Paul Auster

  The Invention of Solitude

  First published in 1982

  Contents

  Portrait of an Invisible Man

  The Book of Memory

  Portrait of an Invisible Man

  In searching out the truth be ready for the unexpected, for it is difficult to find and puzzling when you find it.

  —Heraclitus

  One day there is life. A man, for example, in the best of health, not even old, with no history of illness. Everything is as it was, as it will always be. He goes from one day to the next, minding his own business, dreaming only of the life that lies before him. And then, suddenly, it happens there is death. A man lets out a little sigh, he slumps down in his chair, and it is death. The suddenness of it leaves no room for thought, gives the mind no chance to seek out a word that might comfort it. We are left with nothing but death, the irreducible fact of our own mortality. Death after a long illness we can accept with resignation. Even accidental death we can ascribe to fate. But for a man to die of no apparent cause, for a man to die simply because he is a man, brings us so close to the invisible boundary between life and death that we no longer know which side we are on. Life becomes death, and it is as if this death has owned this life all along. Death without warning. Which is to say: life stops. And it can stop at any moment.

  The news of my father’s death came to me three weeks ago. It was Sunday morning, and I was in the kitchen preparing breakfast for my small son, Daniel. Upstairs my wife was still in bed, warm under the quilts, luxuriating in a few extra hours of sleep. Winter in the country: a world of silence, wood smoke, whiteness. My mind was filled with thoughts about the piece I had been writing the night before, and I was looking ahead to the afternoon when I would be able to get back to work. Then the phone rang. I knew instantly that there was trouble. No one calls at eight o’clock on a Sunday morning unless it is to give news that cannot wait. And news that cannot wait is always bad news.

  I could not muster a single ennobling thought.

  Even before we packed our bags and set out on the three hour drive to New Jersey, I knew that I would have to write about my father. I had no plan, had no precise idea of what this meant. I cannot even remember making a decision about it. It was simply there, a certainty, an obligation that began to impose itself on me the moment I was given the news. I thought: my father is gone. If I do not act quickly, his entire life will vanish along with him.

  Looking back on it now, even from so short a distance as three weeks, I find this a rather curious reaction. I had always imagined that death would numb me, immobilize me with grief. But now that it had happened, I did not shed any tears, I did not feel as though the world had collapsed around me. In some strange way, I was remarkably prepared to accept this death, in spite of its suddenness. What disturbed me was something else, something unrelated to death or my response to it: the realization that my father had left no traces.

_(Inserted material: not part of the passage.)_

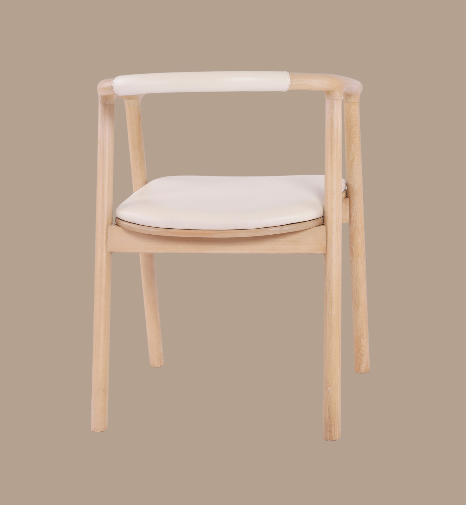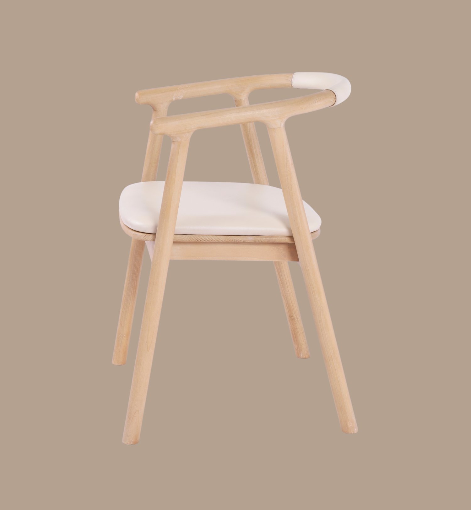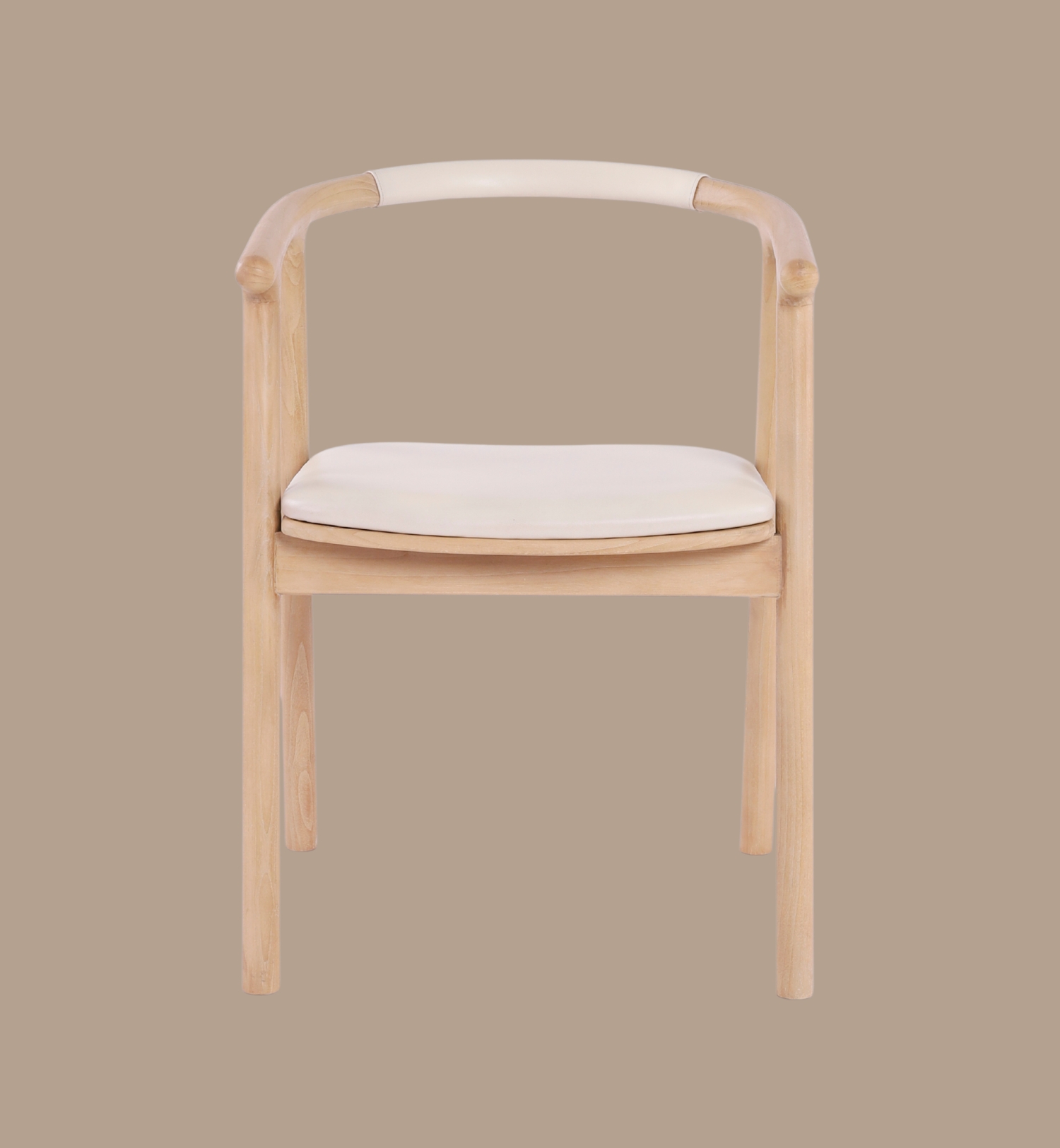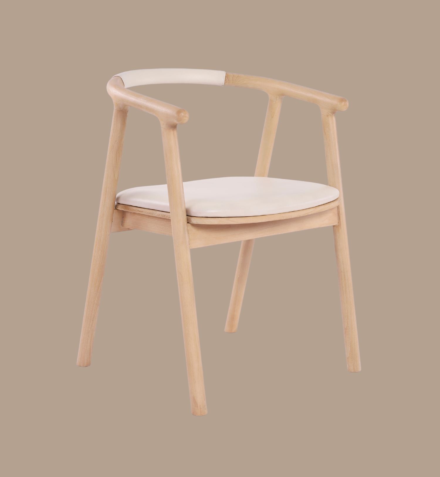 A contemporary dining armchair crafted from solid sungkay wood with a smooth ivory leather seat.

  He had no wife, no family that depended on him, no one whose life would be altered by his absence. A brief moment of shock, perhaps, on the part of scattered friends, sobered as much by the thought of capricious death as by the loss of their friend, followed by a short period of mourning, and then nothing. Eventually, it would be as though he had never lived at all.

  Even before his death he had been absent, and long ago the people closest to him had learned to accept this absence, to treat it as the fundamental quality of his being. Now that he was gone, it would not be difficult for the world to absorb the fact that he was gone forever. The nature of his life had prepared the world for his death—had been a kind of death by anticipation—and if and when he was remembered, it would be dimly, no more than dimly.

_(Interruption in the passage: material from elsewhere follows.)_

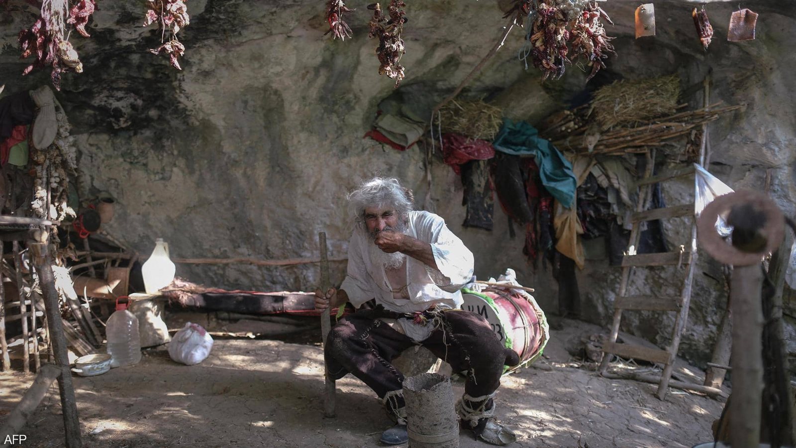وداخل الكهف، يعيش الرجل المسن مع حيوانات مثل الماعز والدجاج والقطط، بالإضافة إلى كلب.

  Devoid of passion, either for a thing, a person, or an idea, incapable or unwilling to reveal himself under any circumstances, he had managed to keep himself at a distance from life, to avoid immersion in the quick of things. He ate, he went to work, he had friends, he played tennis, and yet for all that he was not there. In the deepest, most unalterable sense, he was an invisible man. Invisible to others, and most likely invisible to himself as well. If, while he was alive, I kept looking for him, kept trying to find the father who was not there, now that he is dead I still feel as though I must go on looking for him. Death has not changed anything. The only difference is that I have run out of time.

  For fifteen years he had lived alone. Doggedly, opaquely, as if immune to the world. He did not seem to be a man occupying space, but rather a block of impenetrable space in the form of a man. The world bounced off him, shattered against him, at times adhered to him—but it never got through. For fifteen years he haunted an enormous house, all by himself, and it was in that house that he died.

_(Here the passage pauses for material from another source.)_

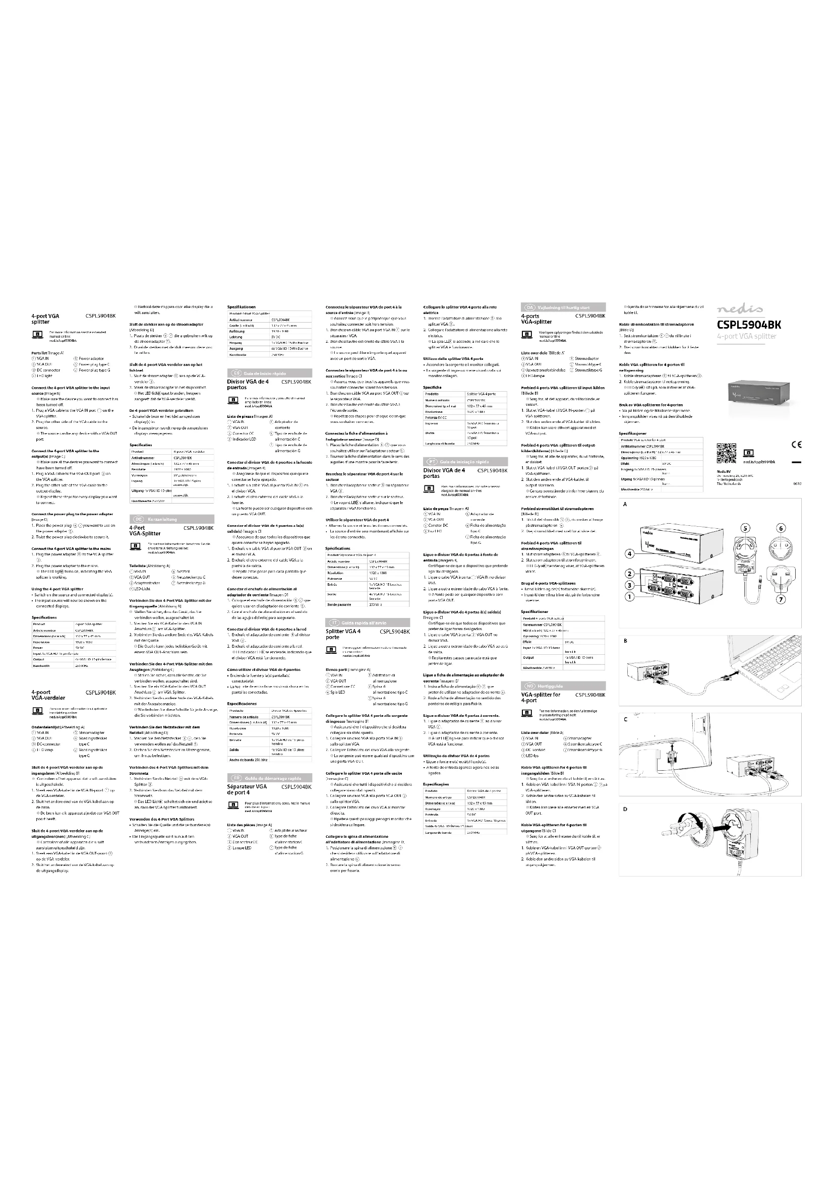 liga-se para indicar que o divisor VGA está a funcionar.Utilização do divisor VGA de 4 portas• Ligue a fonte e o(s) ecrã(s) ligado(s).• A fonte de entrada aparece agora nos ecrãs ligados.Produto Divisor VGA de 4 portasNúmero de artigo CSPL5904BKDimensões (c x l x a) 132 x 77 x 45 mmResolução 1920 x 1080Potência 5V DCEntrada 1x VGA HD fêmea 15 pinosSaída 4x VGA HD fêmea 15 pinosLargura de banda 250 MHzConnectez le séparateur VGA de port 4 à la source d'entrée [Image B] 4 Assurez-vous que le périphérique que vous souhaitez connecter soit hors tension.1. Branchez un câble VGA au port VGA IN sur le séparateur VGA.2. Branchez l'autre extrémité du câble VGA à la source. 4 La source peut être n’importe quel appareil avec un port de sortie VGA.Connectez le séparateur VGA de port 4 à la ou aux sorties [Image C] 4 Assurez-vous que tous les appareils que vous souhaitez connecter soient hors tension.1. Branchez un câble VGA au port VGA OUT sur le séparateur VGA.2. Branchez l'autre extrémité du câble VGA à l’écran de sortie. 4 Répétez ces étapes pour chaque écran que vous souhaitez connecter.l'adaptateur secteur [Image D]

  For a short while we had lived there as a family—my father, my mother, my sister, and I. After my parents were divorced, everyone dispersed: my mother began a new life, I went off to college, and my sister stayed with my mother until she, too, went off to school. Only my father remained. Because of a clause in the divorce agreement which stipulated that my mother still owned a share of the house and would be given half the proceeds whenever it was sold (which made my father reluctant to sell), or from some secret refusal to change his life (so as not to show the world that the divorce had affected him in a way he could not control), or simply from inertia, an emotional lethargy that prevented him from taking any action, he stayed on, living alone in a house that could have accommodated six or seven people.

  It was an impressive place: old, solidly built, in the Tudor style, with leaded windows, a slate roof, and rooms of royal proportions. Buying it had been a big step for my parents, a sign of growing wealth. This was the best neighborhood in town, and although it was not a pleasant place to live (especially for children), its prestige outweighed its deadliness. Given the fact that he wound up spending the rest of his life in that house, it is ironic that my father at first resisted moving there. He complained about the price (a constant theme), and when at last he relented, it was with grudging bad humor. Even so, he paid in cash. All in one go. No mortgage, no monthly payments. It was 1959, and business was going well for him.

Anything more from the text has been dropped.